Beyazların havalandırılmasına gerek duyulmaz. Beyaz şaraplar kırmızılara göre çok narin yapıdadırlar. Uygun sıcaklıkta ve yıpratmadan servis edilmeleri çok önemlidir. Bazı beyazların ise yıllanabildiğini biliyoruz. Şarap dünyasında her zaman istisnalar vardır.

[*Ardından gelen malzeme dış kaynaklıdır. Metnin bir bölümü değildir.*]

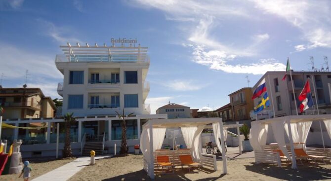 Magnificent hotel on the beach with fine, snow-white sand in the Area of Torre Pedrera. At the entrance to the hotel there is a large terrace with cozy tables, where breakfast is served in the morning in good weather. Baldinini Hotel is a 5-minute walk from the train station, from which there are regular trains to Milan, Verona, Bologna, Turin. There is also a bus stop with bus services to Florence and San Marino.

Yaşlı şaraplar için havalandırma işlemi en hassas konulardan biridir. Şarabı yıpratmadan, sıcaklığını koruyarak havalandırmak gerekir. Uzun yıllar kapalı kalmış bir şişe açıldığında bir miktar oksijen ister. Bu noktada karaf seçimi doğru yapılmalı. Oksijenle hızlı ve uzun süre temas etmesi, istenmeyen sonuçlar doğurabilir. Şarap inişe geçmiş olabilir. Dolayısıyla yıllanmış bir şarabı servis etmeye yakın açıp aşırı bekletmeden içmek daha doğru olacaktır. Son olarak şunu söyleme ihtiyacı duyuyorum, genelleştirilmiş ve her şaraba uygulanabilir olduğunu sandığımız kurallar bizi yanıltır. Bu son satırı biraz abartılı bulabilirsiniz ama her şaraba hatta her şişeye özel davranmalıyız diye düşünüyorum.